I never liked the Napa batteries at all. We have had such bad luck w/ Napa batteries, starters, and alternators at work that we've pretty much stopped using them. Never had so many batteries spew acid everywhere, or just become weak all of a sudden. And starters/alternators that die in less than a year? No thanks.

I've got a Sears Diehard Gold in my XJ now. Bought it a couple years before I left Fairbanks. Seems to do OK, but it is starting to get a little weak. If I were to do it again, I'd go for an Interstate or the premium Walmart battery. Both offer pretty good bang for the buck.

pyrotmaniac
30 Jan 06, 09:57 pm
Ok I put a new battery in today, I got the new energizer car batteries. they are half the price of the interstate ones and have more cranking amps and quite a bit more CCA. +I had never heard of them before but the guy at the shop said they were pretty okay. I took a chance. So even with the new battery nothing happens when I turn the key.
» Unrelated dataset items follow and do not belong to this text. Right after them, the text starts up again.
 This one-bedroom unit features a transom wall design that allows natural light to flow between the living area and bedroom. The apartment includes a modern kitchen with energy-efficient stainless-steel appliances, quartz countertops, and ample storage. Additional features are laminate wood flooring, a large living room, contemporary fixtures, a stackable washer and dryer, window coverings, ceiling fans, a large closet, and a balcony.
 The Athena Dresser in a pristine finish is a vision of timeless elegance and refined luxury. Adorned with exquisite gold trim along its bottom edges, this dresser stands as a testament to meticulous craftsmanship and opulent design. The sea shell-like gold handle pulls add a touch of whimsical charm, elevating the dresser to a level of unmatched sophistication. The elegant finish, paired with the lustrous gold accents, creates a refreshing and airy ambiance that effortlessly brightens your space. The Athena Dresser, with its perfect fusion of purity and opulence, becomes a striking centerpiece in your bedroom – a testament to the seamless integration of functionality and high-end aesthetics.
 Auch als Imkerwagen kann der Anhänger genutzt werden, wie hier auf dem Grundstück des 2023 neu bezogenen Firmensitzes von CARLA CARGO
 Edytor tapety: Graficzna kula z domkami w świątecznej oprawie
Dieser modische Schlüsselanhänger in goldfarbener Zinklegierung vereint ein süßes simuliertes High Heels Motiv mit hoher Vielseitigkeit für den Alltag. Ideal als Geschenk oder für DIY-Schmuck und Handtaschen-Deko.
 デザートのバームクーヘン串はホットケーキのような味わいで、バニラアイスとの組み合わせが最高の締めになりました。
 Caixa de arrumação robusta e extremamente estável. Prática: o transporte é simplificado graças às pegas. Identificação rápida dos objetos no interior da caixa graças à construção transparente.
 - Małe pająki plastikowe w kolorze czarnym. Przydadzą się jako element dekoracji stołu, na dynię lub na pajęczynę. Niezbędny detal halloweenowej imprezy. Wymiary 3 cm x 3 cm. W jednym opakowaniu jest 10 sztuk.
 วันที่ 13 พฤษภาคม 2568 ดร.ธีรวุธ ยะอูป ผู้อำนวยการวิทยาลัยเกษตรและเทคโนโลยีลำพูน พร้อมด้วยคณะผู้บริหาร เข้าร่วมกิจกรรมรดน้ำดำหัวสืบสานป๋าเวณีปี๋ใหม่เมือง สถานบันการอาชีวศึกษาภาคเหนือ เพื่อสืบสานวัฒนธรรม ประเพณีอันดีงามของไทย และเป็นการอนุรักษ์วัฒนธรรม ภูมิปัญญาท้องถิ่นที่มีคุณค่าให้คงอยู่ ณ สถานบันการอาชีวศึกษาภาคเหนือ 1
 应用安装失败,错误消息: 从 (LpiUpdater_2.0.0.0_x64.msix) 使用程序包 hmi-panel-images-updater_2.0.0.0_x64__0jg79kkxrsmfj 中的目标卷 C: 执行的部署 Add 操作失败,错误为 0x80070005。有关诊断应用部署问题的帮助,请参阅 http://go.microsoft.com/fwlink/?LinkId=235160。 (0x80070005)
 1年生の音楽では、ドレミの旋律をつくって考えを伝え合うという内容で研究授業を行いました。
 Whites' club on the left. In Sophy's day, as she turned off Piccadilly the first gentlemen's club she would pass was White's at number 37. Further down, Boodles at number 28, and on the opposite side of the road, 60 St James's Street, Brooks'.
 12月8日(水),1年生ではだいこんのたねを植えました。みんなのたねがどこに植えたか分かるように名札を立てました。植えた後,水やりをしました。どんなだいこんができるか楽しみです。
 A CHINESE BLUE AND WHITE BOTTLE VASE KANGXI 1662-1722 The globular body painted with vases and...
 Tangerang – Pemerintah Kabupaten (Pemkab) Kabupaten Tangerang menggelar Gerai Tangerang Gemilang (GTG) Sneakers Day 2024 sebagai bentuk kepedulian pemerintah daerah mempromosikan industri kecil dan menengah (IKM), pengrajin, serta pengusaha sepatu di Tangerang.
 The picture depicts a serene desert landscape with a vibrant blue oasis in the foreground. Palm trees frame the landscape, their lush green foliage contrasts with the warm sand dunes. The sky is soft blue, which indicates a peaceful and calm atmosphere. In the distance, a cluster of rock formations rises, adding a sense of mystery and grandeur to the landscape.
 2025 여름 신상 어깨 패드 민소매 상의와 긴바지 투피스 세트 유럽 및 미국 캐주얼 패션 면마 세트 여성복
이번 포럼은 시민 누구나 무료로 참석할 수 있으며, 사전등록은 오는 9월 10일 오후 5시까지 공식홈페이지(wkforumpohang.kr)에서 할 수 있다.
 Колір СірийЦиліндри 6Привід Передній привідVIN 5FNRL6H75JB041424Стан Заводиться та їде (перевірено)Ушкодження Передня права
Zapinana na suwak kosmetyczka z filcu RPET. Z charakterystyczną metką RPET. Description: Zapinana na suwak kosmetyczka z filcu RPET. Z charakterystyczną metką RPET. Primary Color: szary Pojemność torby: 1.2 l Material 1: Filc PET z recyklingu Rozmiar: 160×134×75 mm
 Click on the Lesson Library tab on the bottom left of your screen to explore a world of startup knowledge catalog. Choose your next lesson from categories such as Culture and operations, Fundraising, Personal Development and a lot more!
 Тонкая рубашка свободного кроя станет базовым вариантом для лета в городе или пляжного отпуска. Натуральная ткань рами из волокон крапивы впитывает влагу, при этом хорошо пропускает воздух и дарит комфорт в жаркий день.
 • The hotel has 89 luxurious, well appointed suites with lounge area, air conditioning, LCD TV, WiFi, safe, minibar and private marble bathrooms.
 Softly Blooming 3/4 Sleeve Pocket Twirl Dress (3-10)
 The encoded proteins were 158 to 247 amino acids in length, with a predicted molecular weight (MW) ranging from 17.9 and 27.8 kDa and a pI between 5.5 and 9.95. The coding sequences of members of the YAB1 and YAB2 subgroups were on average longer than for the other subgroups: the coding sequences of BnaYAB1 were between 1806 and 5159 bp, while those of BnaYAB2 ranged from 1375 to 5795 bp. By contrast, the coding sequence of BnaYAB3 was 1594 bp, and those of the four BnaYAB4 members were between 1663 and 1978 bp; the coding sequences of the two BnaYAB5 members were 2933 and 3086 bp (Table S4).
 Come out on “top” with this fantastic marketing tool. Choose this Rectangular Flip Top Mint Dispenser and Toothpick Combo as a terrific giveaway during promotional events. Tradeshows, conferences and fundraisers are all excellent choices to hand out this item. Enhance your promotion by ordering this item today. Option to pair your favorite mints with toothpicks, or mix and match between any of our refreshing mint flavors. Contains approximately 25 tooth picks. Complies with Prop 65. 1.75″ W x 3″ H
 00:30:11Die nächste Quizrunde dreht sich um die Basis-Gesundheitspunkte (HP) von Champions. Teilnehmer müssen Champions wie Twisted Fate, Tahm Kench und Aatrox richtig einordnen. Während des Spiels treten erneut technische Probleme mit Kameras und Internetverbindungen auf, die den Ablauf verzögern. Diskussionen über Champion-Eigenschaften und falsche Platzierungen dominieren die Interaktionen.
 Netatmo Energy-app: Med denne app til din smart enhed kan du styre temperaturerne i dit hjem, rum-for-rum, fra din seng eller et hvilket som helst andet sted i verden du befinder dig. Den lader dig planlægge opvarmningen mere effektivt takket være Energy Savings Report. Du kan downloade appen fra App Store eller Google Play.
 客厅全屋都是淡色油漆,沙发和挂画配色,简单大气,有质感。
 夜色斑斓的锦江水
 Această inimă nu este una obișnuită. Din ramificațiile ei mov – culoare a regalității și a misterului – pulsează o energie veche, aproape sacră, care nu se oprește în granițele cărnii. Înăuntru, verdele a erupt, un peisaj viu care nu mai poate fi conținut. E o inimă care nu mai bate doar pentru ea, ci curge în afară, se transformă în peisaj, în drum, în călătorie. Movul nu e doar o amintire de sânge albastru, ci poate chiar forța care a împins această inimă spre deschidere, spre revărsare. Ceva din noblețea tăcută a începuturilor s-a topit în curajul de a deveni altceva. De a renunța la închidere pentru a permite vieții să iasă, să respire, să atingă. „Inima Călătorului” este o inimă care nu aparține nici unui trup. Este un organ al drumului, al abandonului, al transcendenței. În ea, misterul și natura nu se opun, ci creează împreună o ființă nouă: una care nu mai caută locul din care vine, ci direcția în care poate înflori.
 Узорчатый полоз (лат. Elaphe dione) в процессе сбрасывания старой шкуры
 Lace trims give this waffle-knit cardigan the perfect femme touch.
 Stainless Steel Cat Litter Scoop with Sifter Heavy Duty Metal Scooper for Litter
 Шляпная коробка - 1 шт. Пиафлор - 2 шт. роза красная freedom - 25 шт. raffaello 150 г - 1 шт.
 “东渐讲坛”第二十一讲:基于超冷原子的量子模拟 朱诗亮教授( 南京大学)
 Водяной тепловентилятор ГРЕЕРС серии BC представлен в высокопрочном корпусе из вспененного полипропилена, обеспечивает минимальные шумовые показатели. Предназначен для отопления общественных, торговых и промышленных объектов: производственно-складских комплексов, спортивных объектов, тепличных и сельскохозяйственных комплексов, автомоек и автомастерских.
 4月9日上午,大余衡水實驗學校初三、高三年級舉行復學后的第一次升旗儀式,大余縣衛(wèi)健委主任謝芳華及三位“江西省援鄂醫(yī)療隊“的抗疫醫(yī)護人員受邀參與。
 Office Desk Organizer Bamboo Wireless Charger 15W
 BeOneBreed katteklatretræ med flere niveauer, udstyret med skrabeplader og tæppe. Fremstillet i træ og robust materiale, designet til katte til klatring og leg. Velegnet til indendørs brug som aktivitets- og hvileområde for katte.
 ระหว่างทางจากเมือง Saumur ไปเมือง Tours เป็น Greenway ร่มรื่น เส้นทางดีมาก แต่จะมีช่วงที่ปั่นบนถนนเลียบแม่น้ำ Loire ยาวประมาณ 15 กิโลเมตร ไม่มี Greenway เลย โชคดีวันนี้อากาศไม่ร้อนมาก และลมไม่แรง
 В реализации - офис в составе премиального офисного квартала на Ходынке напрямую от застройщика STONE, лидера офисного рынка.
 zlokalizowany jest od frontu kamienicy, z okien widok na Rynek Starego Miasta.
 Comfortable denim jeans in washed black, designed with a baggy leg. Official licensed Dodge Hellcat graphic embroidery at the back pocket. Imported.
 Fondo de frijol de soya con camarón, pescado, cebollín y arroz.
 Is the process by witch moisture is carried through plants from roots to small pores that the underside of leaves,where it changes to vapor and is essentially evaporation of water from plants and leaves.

I dont off road the truck much and certainly not before the problems started. It was cranking before and I am now pretty sure that I smoked the starter. Its the only thing on that circut as far as I know. Do any of you know if there is a fuseable link on the Positive cable to the starter. Does ford even use those. Man I never missed my K5 so bad. anyone have a starter for a 351w gimmie a shout.

TJVigilante
31 Jan 06, 03:54 pm
either you fried your starter or as I said before you probably fried the cable from the battery to the starter.

nate379
31 Jan 06, 05:09 pm
Neutral Saftety switch??

gp_1
31 Jan 06, 05:53 pm
Might be the starter solenoid. Try jumping that before replacing the starter.

pyrotmaniac
31 Jan 06, 09:16 pm
Changed the starter. problem persists.+ I dont belive the wires are bad. Thinking the ignition. guess thats the next+ thing to try. I hate fords! well I guess let me know if you feel like I'm going in the wrong direction. I'm going to try running a wire from the battery to the side of the starter that recives the ignition signal. To test the ignition signal first. I really appriciate the help guys.
Guess its time to stop being cheap about things and get a good fluke meter too. Oh and I almost forgot its a 1995 F250 5.8 liter.

gp_1
31 Jan 06, 09:18 pm
What year model is it?

ChevyKev
01 Feb 06, 09:06 am
I never missed my K5 so bad.

Not to worry, I have several in my backyard. Sell the Ford and put a K5 together! ;D

K-5 Body, 1/2 ton axles, 700 r-4 and 208 (it's what I have), and a rebuildable 350... make offer!